Task statement:
Using the records that follow, reproduce exactly the lines starting at the line containing "5일 서울부동산정보광장에 따르면" and ending at the line containing "卖点→(2022-07-14: 0.9100 )形成突破升🚩楔型【整理】形态". Include both end lines and no pictures.

Records:
..........

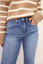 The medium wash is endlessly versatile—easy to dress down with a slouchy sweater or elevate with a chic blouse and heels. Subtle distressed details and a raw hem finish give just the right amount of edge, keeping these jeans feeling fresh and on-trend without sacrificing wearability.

..........

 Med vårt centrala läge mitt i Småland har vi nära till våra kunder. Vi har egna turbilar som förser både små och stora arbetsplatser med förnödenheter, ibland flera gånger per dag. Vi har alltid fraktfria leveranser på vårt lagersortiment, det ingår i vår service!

..........

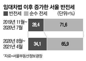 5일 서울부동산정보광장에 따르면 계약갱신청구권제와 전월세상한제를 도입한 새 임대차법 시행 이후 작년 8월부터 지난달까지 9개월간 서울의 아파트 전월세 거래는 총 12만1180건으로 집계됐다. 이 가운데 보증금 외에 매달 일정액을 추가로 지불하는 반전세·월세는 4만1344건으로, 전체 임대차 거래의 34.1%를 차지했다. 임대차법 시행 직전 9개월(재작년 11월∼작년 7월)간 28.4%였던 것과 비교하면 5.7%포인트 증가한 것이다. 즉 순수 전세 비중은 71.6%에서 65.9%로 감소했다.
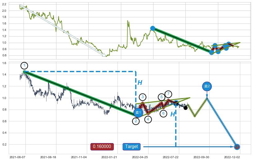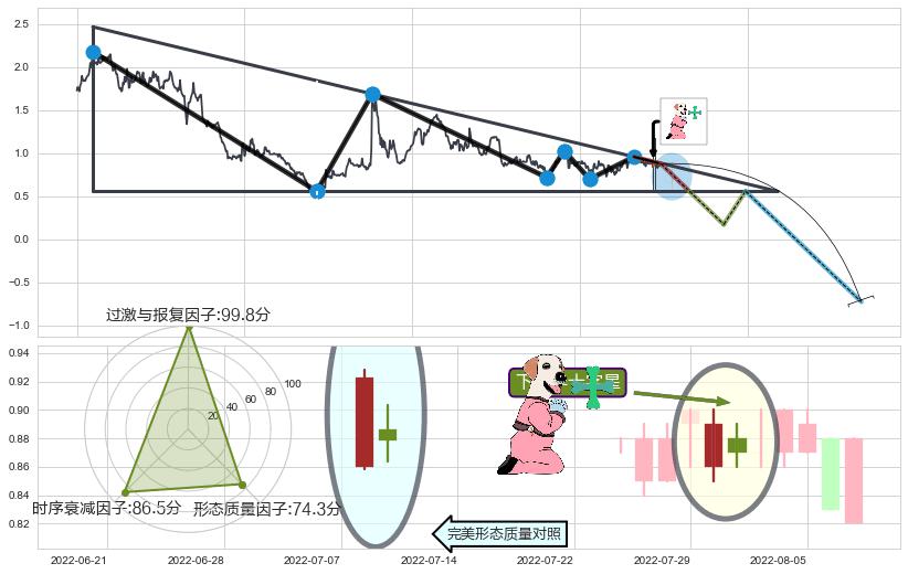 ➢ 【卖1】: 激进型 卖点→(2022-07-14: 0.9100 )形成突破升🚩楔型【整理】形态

..........

Reply to the task:
 5일 서울부동산정보광장에 따르면 계약갱신청구권제와 전월세상한제를 도입한 새 임대차법 시행 이후 작년 8월부터 지난달까지 9개월간 서울의 아파트 전월세 거래는 총 12만1180건으로 집계됐다. 이 가운데 보증금 외에 매달 일정액을 추가로 지불하는 반전세·월세는 4만1344건으로, 전체 임대차 거래의 34.1%를 차지했다. 임대차법 시행 직전 9개월(재작년 11월∼작년 7월)간 28.4%였던 것과 비교하면 5.7%포인트 증가한 것이다. 즉 순수 전세 비중은 71.6%에서 65.9%로 감소했다.
 ➢ 【卖1】: 激进型 卖点→(2022-07-14: 0.9100 )形成突破升🚩楔型【整理】形态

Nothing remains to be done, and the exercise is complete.